▶ _EXERCISE BRIEF_
Only the lines below from the one containing "33KV & 415V" through the one containing "(Pictured): Samoa Islands Week." belong in the answer, set down exactly, with the pictures left out.

▶ _SUPPLIED DATA_
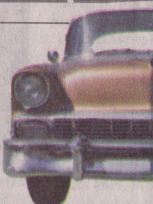
22 CAR SHOW
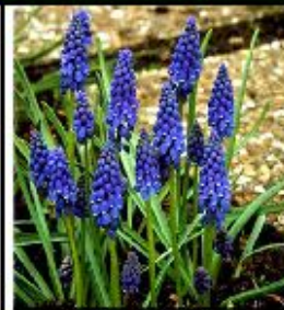
Muscari armeniacum Grape Hyacinth 4"-6" inches tall Circa 1878 Native to Turkey Naturalizes. This original Blue Grape Hyacinth is bright cobalt blue. Normally deer proof. Zones 5-8
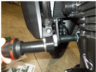
Assembly position (left side)
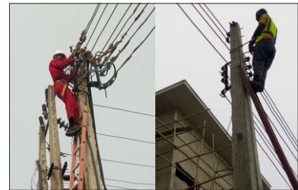
33KV & 415V OVERHEAD LINES CONSTRUCTION, SUBSTATION AND TRANSFORMER INSTALLATIONS
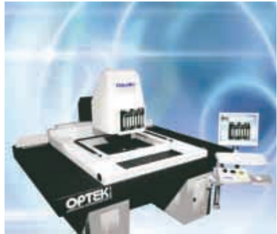
Optical Measuring Machine 光學檢測儀
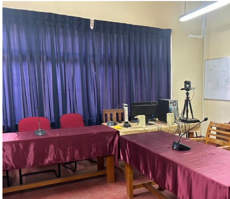
Laboratory and audio-visual equipment donated to the Department of Physics.
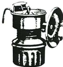
No. 5—Brass finish, 2⅞ in. brass self lighter reflector.
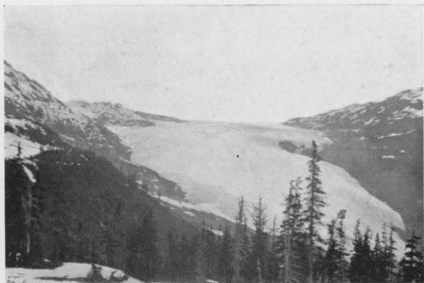
First glimpse of Kitsault Glacier. Alice Arm, Northern B.C.
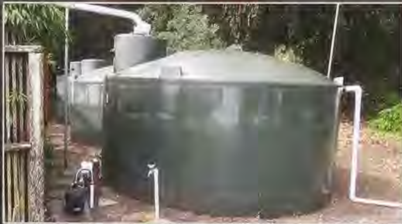
Three separate 5,000 gallon rainwater collection tanks can harvest a total of 15,000 gallons of rainwater. The rainwater is used by a homeowner to irrigate his drought tolerant plants in his landscape around his home.
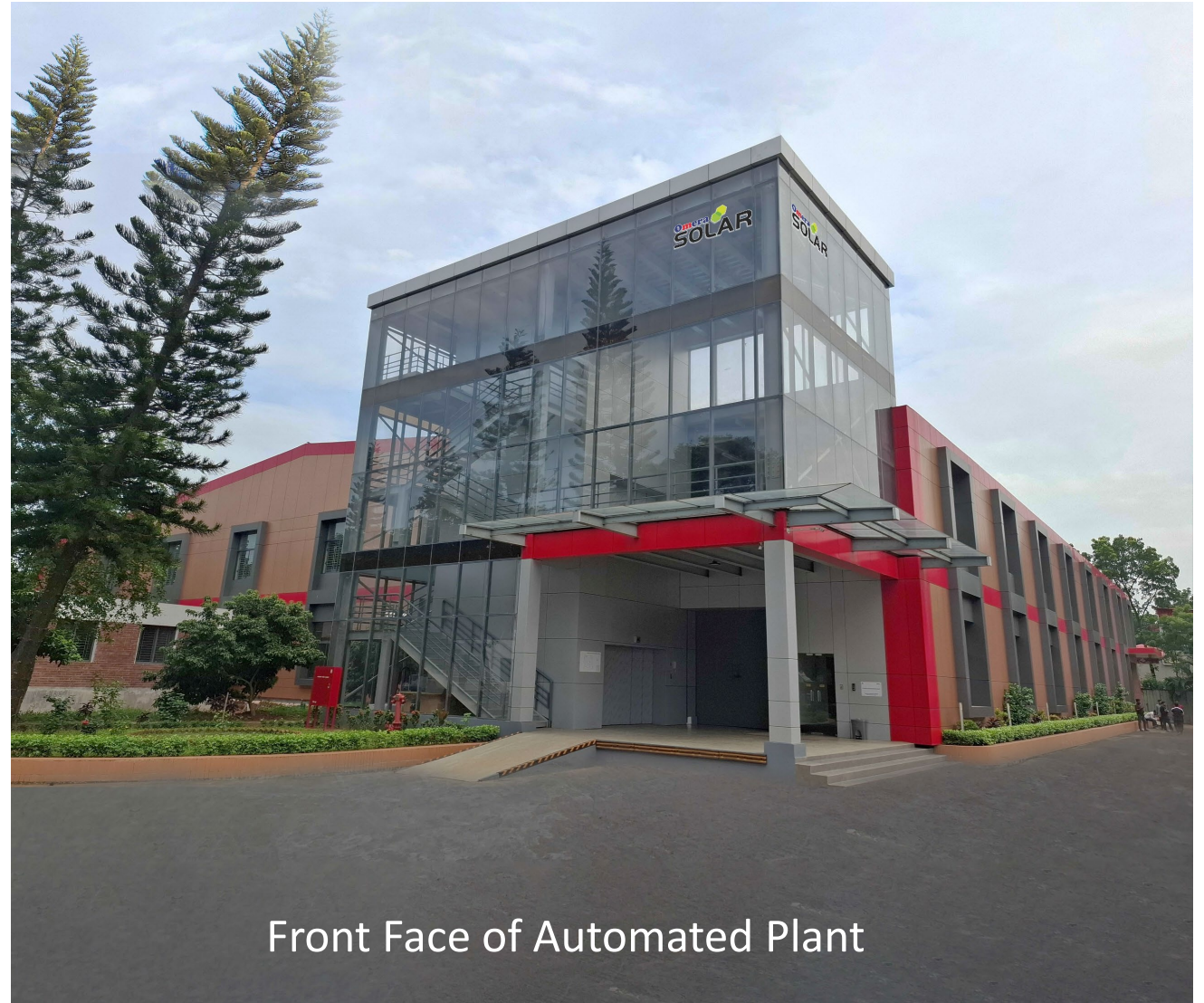
Front Face of Automated Plant
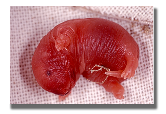
An unfortunate victim of our research.
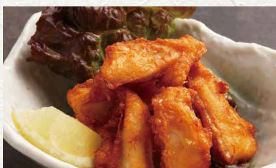
Fried Nankotsu Chicken Soft Bone 750yen

Fresh chicken liver topped with a delicious salty-sweet taste.
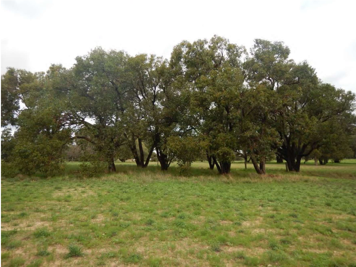
Plate 3. Stand of Jarrah trees within the area mapped as Parkland Cleared within the centre of the study area. Photo taken 26 July 2018.
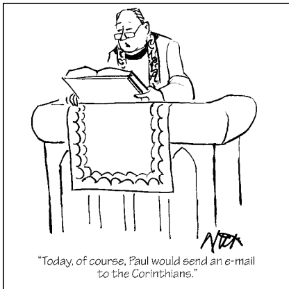
"Today, of course, Paul would send an e-mail to the Corinthians."

Father, you have appointed your Son Jesus Christ eternal High Priest. Guide those he has chosen to be ministers of word and sacrament and help them to be faithful in fulfilling the ministry they have received. Grant this through our Lord Jesus Christ, your Son, who lives and reigns with you and the Holy Spirit, one God, for ever and ever. Amen.
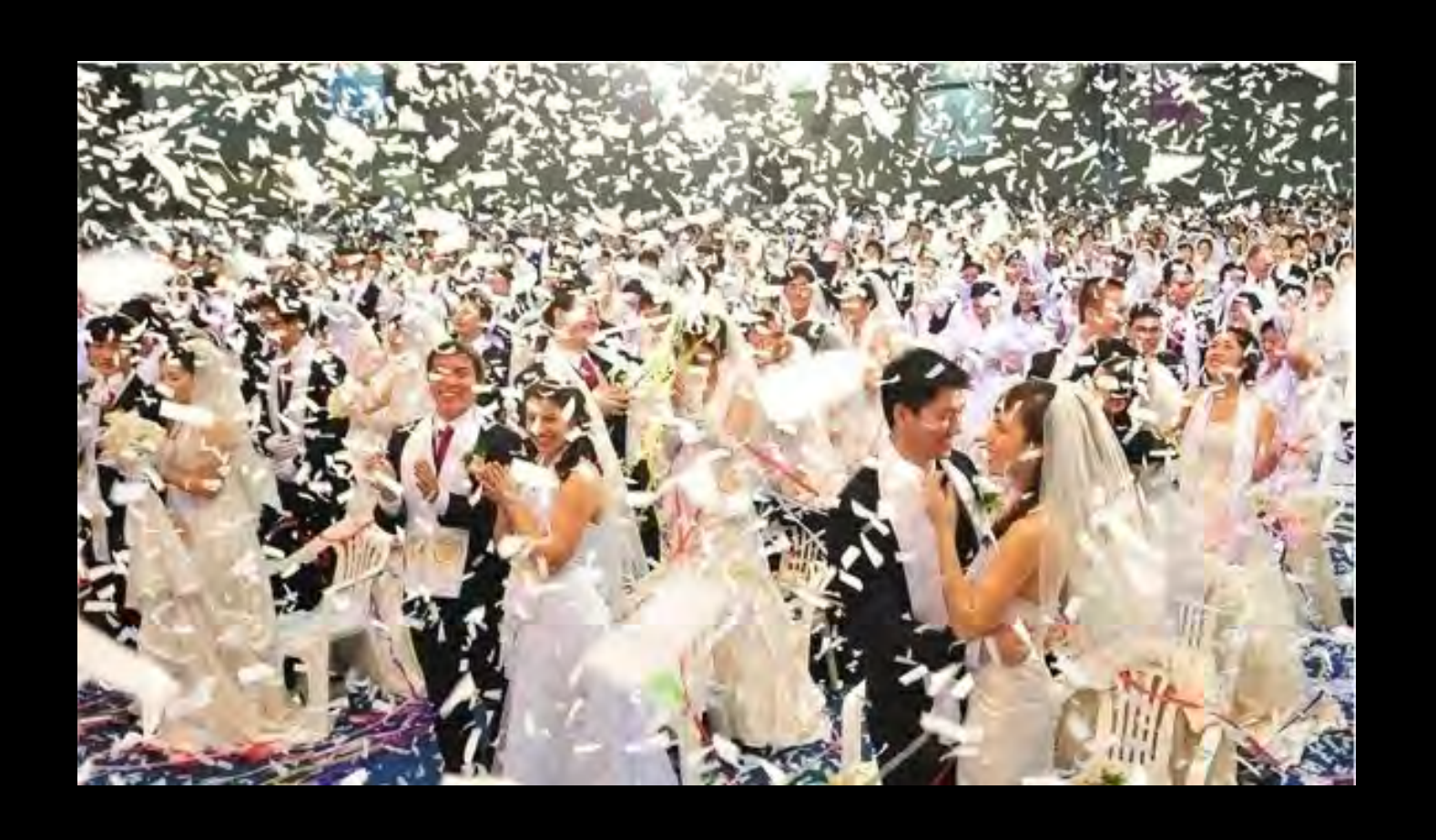
Together – Eternal Happiness!
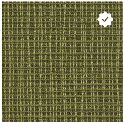
Parrot - ZAY
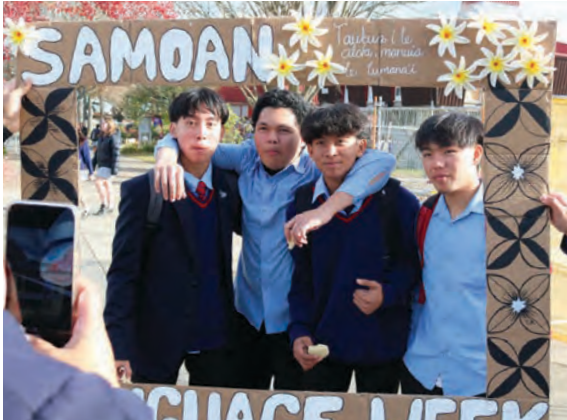
(Pictured): Samoa Islands Week.
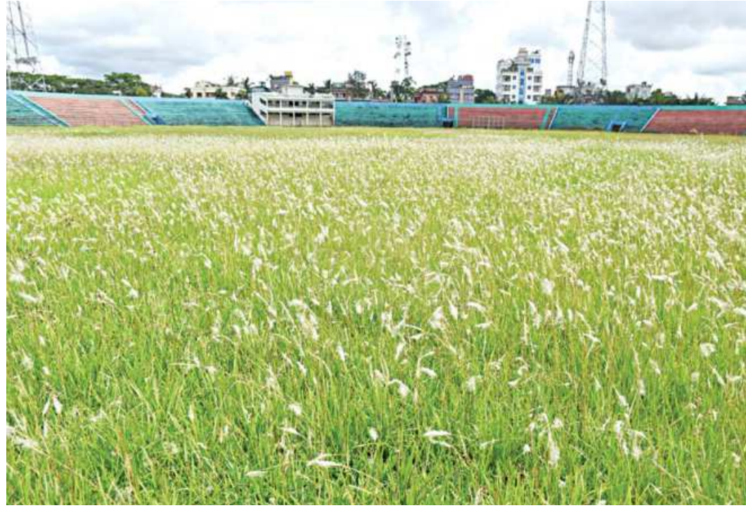
While the national cricket team have started collective training in Mirpur and other athletes are expected to begin training soon in Dhaka, sport still finds itself at a standstill outside the capital. At the Shaheed Abdur Rob Serniabat Stadium in Barishal, the length of the grass perfectly reflects the level of neglect.
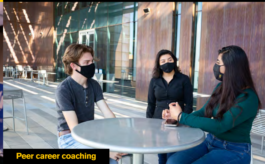
Peer career coaching
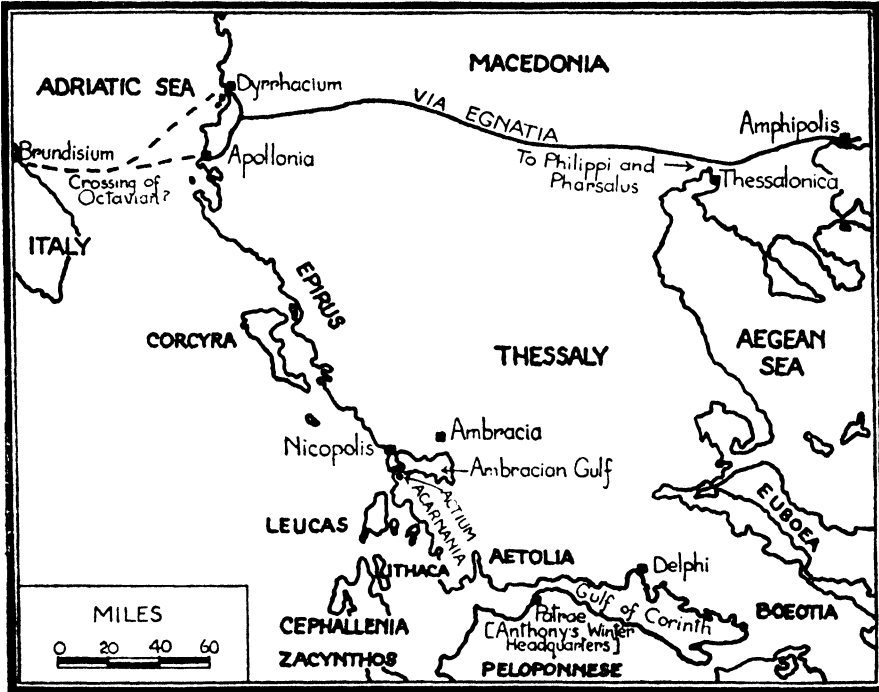
Fig. 2. The Campaign of Actium

previous history, and the Parthian campaign in particular, had shown that Anthony was better in the ordering and conduct of a battle than in the planning of a campaign; he was a good tactician, but an inferior strategist. Then there was the necessity for using the great fleet, but possibly the compelling influence was the opinion of Cleopatra, and the fact that the base of operations was Egypt.

▶ _SOLUTION TO THIS EXERCISE_
33KV & 415V OVERHEAD LINES CONSTRUCTION, SUBSTATION AND TRANSFORMER INSTALLATIONS
Optical Measuring Machine 光學檢測儀
Laboratory and audio-visual equipment donated to the Department of Physics.
No. 5—Brass finish, 2⅞ in. brass self lighter reflector.
First glimpse of Kitsault Glacier. Alice Arm, Northern B.C.
Three separate 5,000 gallon rainwater collection tanks can harvest a total of 15,000 gallons of rainwater. The rainwater is used by a homeowner to irrigate his drought tolerant plants in his landscape around his home.
Front Face of Automated Plant
An unfortunate victim of our research.
Fried Nankotsu Chicken Soft Bone 750yen

Fresh chicken liver topped with a delicious salty-sweet taste.
Plate 3. Stand of Jarrah trees within the area mapped as Parkland Cleared within the centre of the study area. Photo taken 26 July 2018.
"Today, of course, Paul would send an e-mail to the Corinthians."

Father, you have appointed your Son Jesus Christ eternal High Priest. Guide those he has chosen to be ministers of word and sacrament and help them to be faithful in fulfilling the ministry they have received. Grant this through our Lord Jesus Christ, your Son, who lives and reigns with you and the Holy Spirit, one God, for ever and ever. Amen.
Together – Eternal Happiness!
Parrot - ZAY
(Pictured): Samoa Islands Week.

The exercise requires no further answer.